So in Woody Allen’s To Rome With Love Woody Allen will be Woody Allen in America but he’ll be Leo Gullotta in Italy.
In other words, when the Italians speak in the US version of the movies, we’ll see subtitles, but when the English speaking actors are talking in the Italian version it will be dubbed, and veteran actor Gullotta will dub Allen’s voice. He’ll replace Oreste Lionello, who used to dub for Allen and died in 2009.

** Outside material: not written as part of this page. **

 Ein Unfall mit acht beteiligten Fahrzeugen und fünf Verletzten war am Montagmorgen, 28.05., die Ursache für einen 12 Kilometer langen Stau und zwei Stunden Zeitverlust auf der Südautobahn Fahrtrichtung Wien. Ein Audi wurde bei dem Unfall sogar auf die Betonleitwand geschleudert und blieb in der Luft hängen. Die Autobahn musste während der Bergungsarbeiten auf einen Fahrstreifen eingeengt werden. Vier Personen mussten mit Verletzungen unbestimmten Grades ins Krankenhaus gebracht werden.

Italy dubs everything, and Gullotta, 66, an actor who has appeared in over 100 films over a 50-year career including three from Oscar-winning director Giuseppe Tornatore, is also a dubber. He’s worked as the voice of Joe Pesci in Sergio Leone’s Once Upon a Time in America and other films. He told The Hollywood Reporter that dubbing Woody Allen would be one of the highlights of his career.

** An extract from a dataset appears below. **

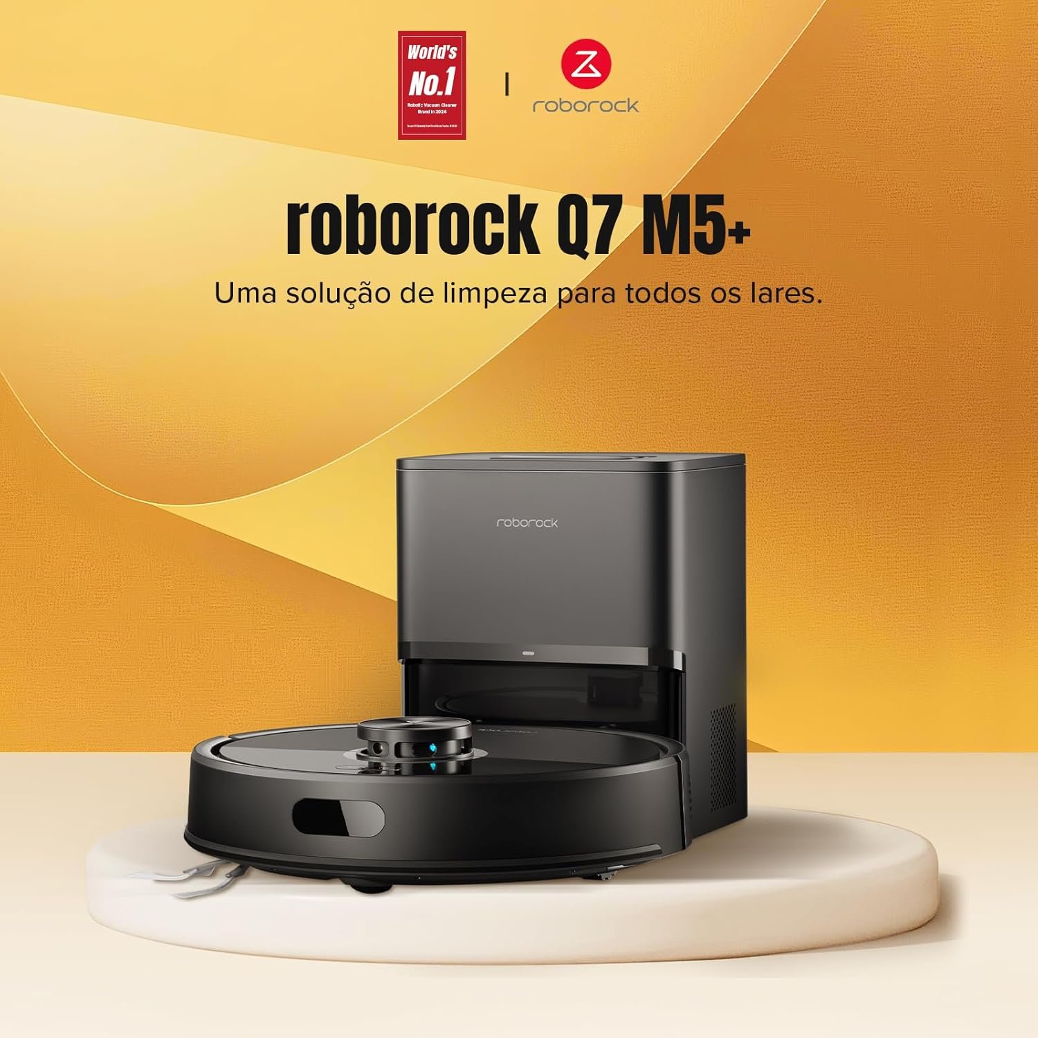 Robô aspirador de pó e esfregão roborock Q7 M5+, base com esvaziamento automático, sucção de 10.000 Pa, sistema duplo antiemaranhamento, navegação PreciSense LiDAR, para carpetes, pretoRobô aspirador de pó e esfregão roborock Q7 M5+, base com esvaziamento automático, sucção de 10.000 Pa, sistema duplo antiemaranhamento, navegação PreciSense LiDAR, para carpetes, preto
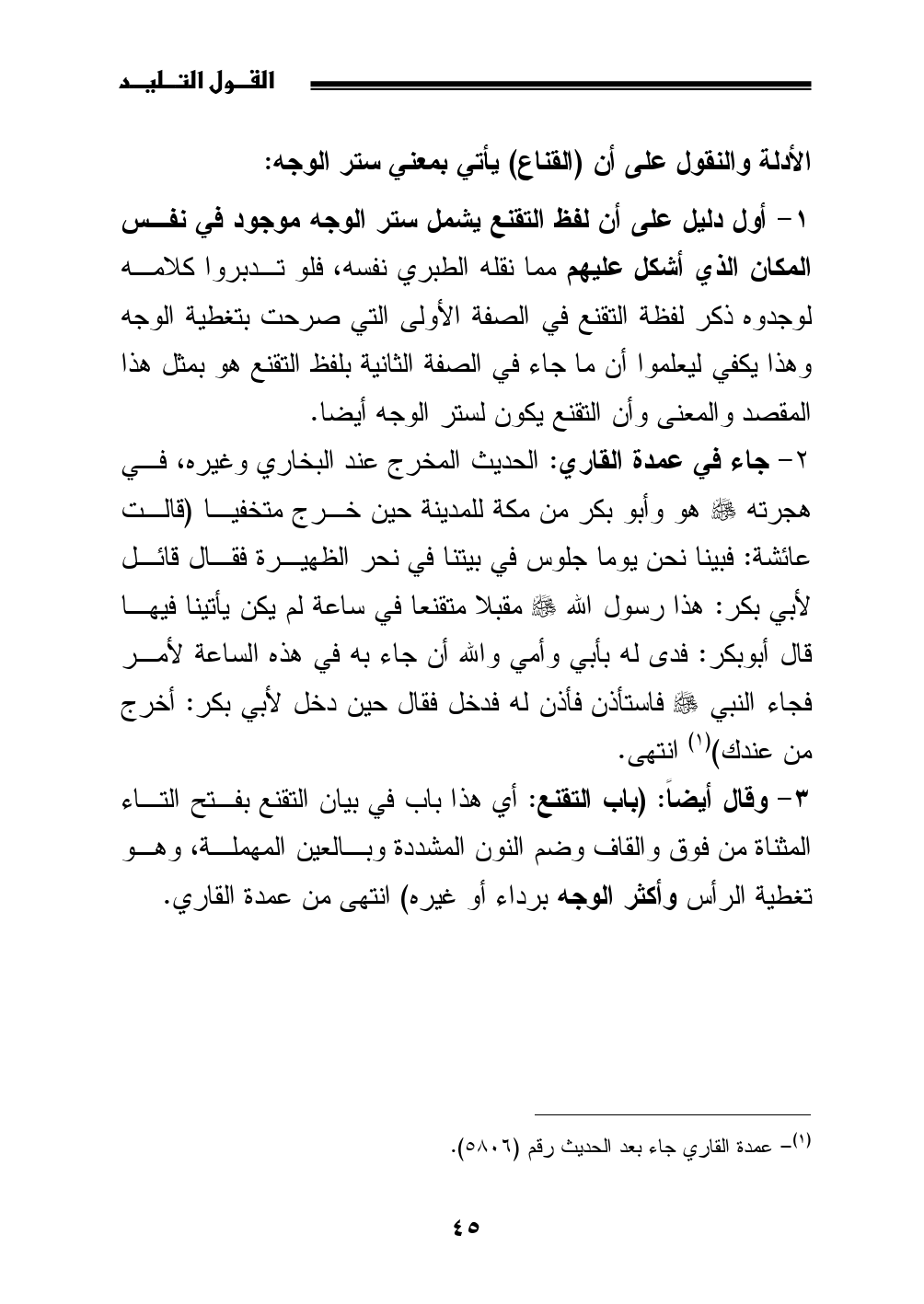 3 - وقال أيضاً: (باب التقنع: أي هذا باب في بيان التقنع بفتح التاء المثناة من فوق والقاف وضم النون المشددة وبالعين المهملة، وهو تغطية الرأس وأكثر الوجه برداء أو غيره) انتهى من عمدة القاري.

“The Italian newspapers say ‘Woody Allen is mine,’ but that’s not the case at all,” said Gullotta. “I just do a kind of simultaneous translation with some acting thrown in. But the role is his, and it’s a great honor.”
Gullotta said dubbing Allen presented some unique challenges: “With the way he speaks, the pauses are as important as what is said,” Gullotta said.

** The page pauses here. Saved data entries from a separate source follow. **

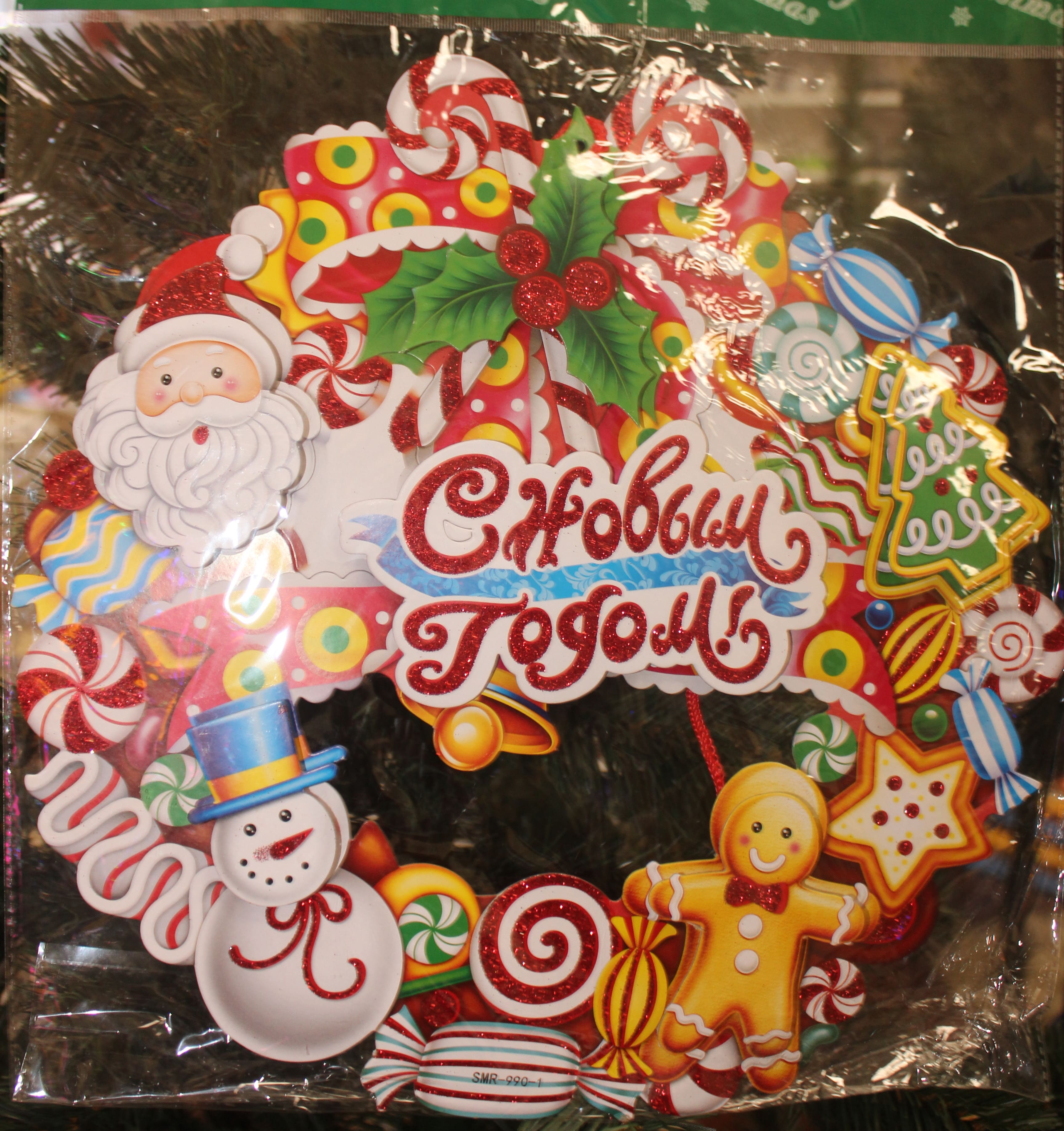 - Панно бумажное SMR-990-1 Венок С Новым годом бол.
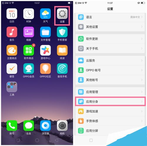 OPPOA83双开应用设置教程1.通过桌面的【设置】,找到【应用分身】。
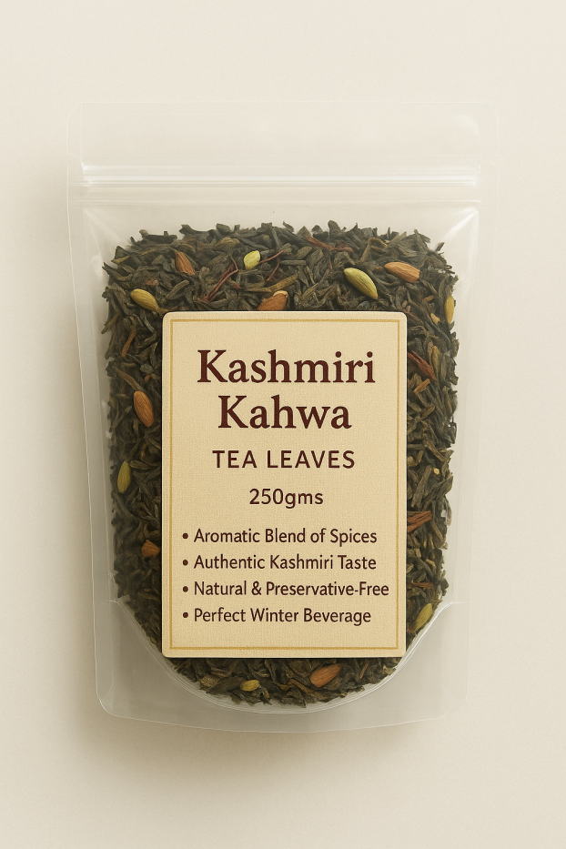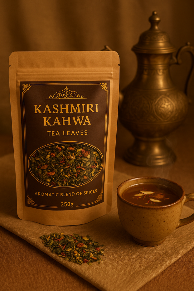 Overview → A premium blend of Kashmiri Kahwa infused with green tea, saffron, cardamom (elaichi), rose petals & almonds for a royal aromatic experience. Benefits → Rich in antioxidants, promotes digestion, relieves stress & strengthens immunity. Taste Profile → Delicate floral notes of rose, warmth of saffron & spice of cardamom, balanced with soothing green tea. Usage → Enjoyed best on chilly mornings/evenings; can be sweetened with honey for a richer taste.
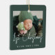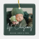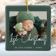 Celebrate baby's first Christmas with this modern minimalist photo keepsake ornament. The white text reads "1st Christmas" in trendy handwriting script on a dark green background. Easily replace the sample image with your favourite photo, and add baby's name and the year below.
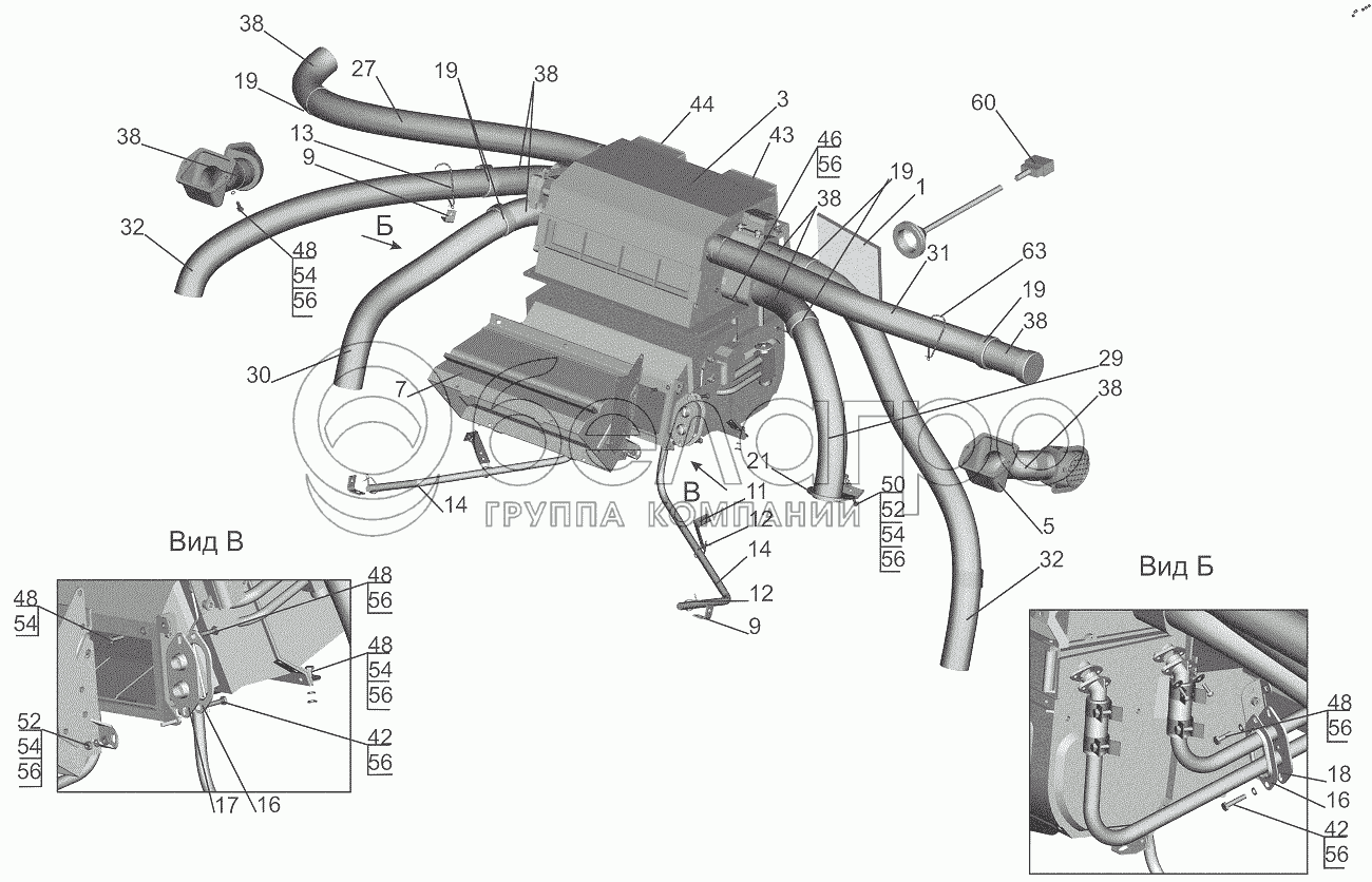 Каталог запасных частей к технике: МАЗ-6501B9. Установка отопителя 631019-8100001-010
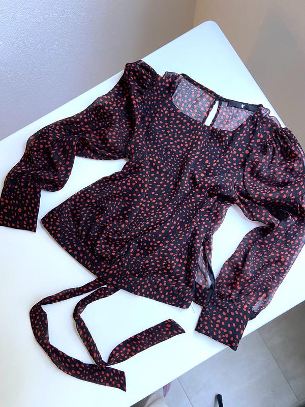 Очень красивая блузка в горошек, спинка полупрозрачная, с вырезом и бантом. Спереди ничего не просвечивается, есть подкладка. Стан идеальный, одевала пару раз

To Rome With Love, which was filmed in Italy, will have its world premiere in Rome on April 20, two months before going into limited release in the U.S. It is the first film since 2006’s Scoop in which Allen appears as an actor, meaning it will be the first time in years an Italian audience will hear Allen dubbed by someone besides Lionello.
“In Italy, Oreste Lionello for ages made me a much better actor than I really am,” Allen said following Lionello’s 2009 death.
Italian dubbers are considered to be among the world’s best, and the practice of dubbing films is widespread: many major releases do not even make versions subtitled into Italian, or the subtitled versions are released well after the dubbed versions. The Italian DVD of Paolo Sorrentino’s This Must Be The Place, however, can be watched in English or dubbed into Italian.